Kasserine Pass een vuurdoop voor het Amerikaanse leger in de Tweede Wereldoorlog

Ongedateerd (AP) _ Door ROBERT DVORCHAK AP National Writer

Kermit Carlson, een boerenjongen uit Minnesota, was als radioman verbonden aan de 19th Combat Engineers die de Kasserine Pass verdedigden – een kale corridor waar hij nog nooit van had gehoord totdat de Duitsers hem wilden hebben.

Van de 1.200 man in het bataljon op 18 februari 1943, waren er de volgende dag nog maar 125 over. De rest was gedood, gewond, gevangen genomen of verspreid, terwijl een door de strijd geharde oorlogsmachine het ongeteste Amerikaanse leger een bloedige doop gaf.

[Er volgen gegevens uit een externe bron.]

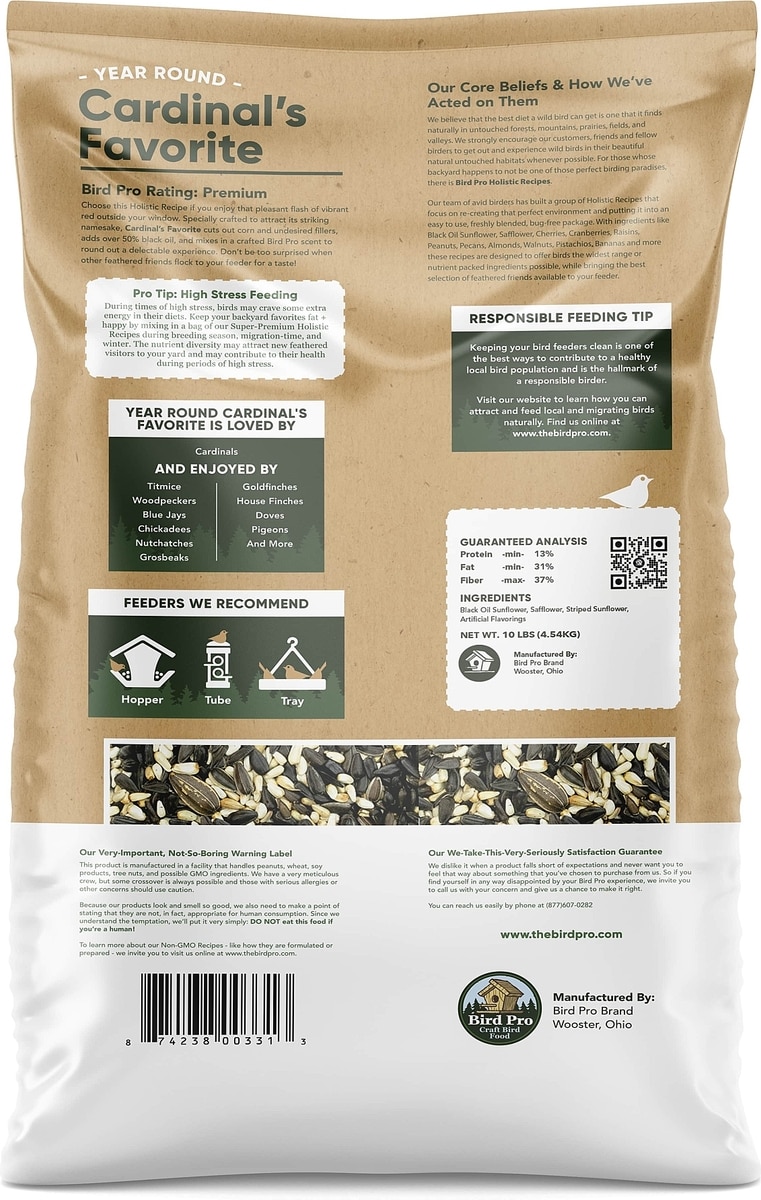 Bird Pro Year-Round Cardinal's Favorite Holistic Bird Food, 10-lb bag

Ik heb die nacht gebeden. En ik heb in 50 jaar geen gebed gemist. Zo bang was ik,″ zei Carlson, die een Bronzen Ster verdiende vanuit een schuttersputje in Tunesië op het noordelijkste puntje van Afrika.

We waren jong en dom. Echt groen”, zei Carlson, 75, uit Hanley Falls, Minn. “Het was echt niemands schuld. We waren in de minderheid, te slim af en te slim af. We hebben het op de harde manier geleerd. Het was een hel.”

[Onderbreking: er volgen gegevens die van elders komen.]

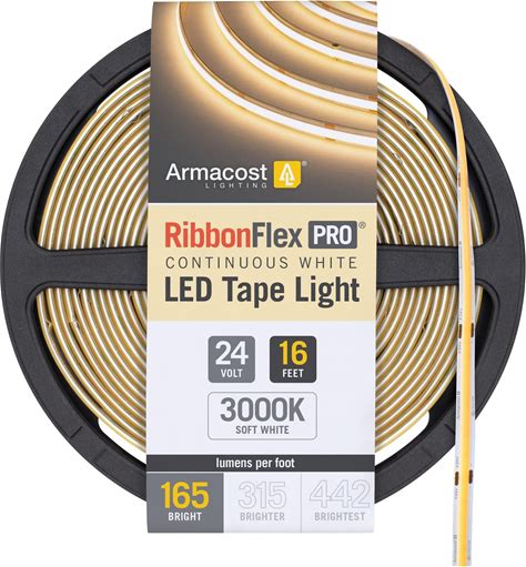 Armacost Lighting Ribbonflex Pro 24V White COB LED Strip Light Tape 3000K, 315 Lumens/Ft, 20m 172260

De gevechten in en rond de Kasserinepas tussen 14 februari en 22 februari 1943 waren de eerste gevechten tussen de Amerikanen en de Duitsers.

Het was een desastreus debuut.

Van de 30.000 Amerikanen die onder het II Corps vielen, viel bijna een op de vier slachtoffers – naar schatting 300 doden, 3.000 gewonden en 3.000 vermisten of krijgsgevangenen. Het leger verloor ook 183 tanks, 104 halftracks, 208 artilleriestukken en 512 vrachtwagens en jeeps.

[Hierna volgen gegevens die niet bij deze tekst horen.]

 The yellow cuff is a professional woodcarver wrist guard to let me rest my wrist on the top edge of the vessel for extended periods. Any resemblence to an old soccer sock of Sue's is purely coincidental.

De Amerikanen werden meer dan 50 mijl teruggedrongen, hoewel ze vier dagen na de Duitse aanval hun oorspronkelijke posities weer innamen. En Tunesische bendes zwermden als aasgieren naar de wrakstukken, waarbij ze GI’s van hun kleren en kostbaarheden beroofden voordat medici hen konden bereiken.

De Duitsers hadden 1.000 man gedood, gewond of vermist en verloren 20 tanks.

De Duitsers hadden betere wapens en training. De 88mm kanonnen op hun nieuwe Mark VI tanks konden vuren buiten het bereik van de 75mm U.S. Sherman tanks. In een suïcidale poging om de Panzers te stoppen, overleefden slechts vier van de 50 tanks van een bataljon van het 1e Pantser Regiment een gevecht.

De Messerschmidts en Stuka duikbommenwerpers hadden de lucht-grond ondersteuning geperfectioneerd, en de Duitse infanterie had een verschrikkelijk nieuw wapen, de nebelwerfer – meervoudig gelanceerde raketten. Hun commandanten waren Erwin Rommel, de woestijnvos van het Afrika Korps, en generaal Juergen von Arnim.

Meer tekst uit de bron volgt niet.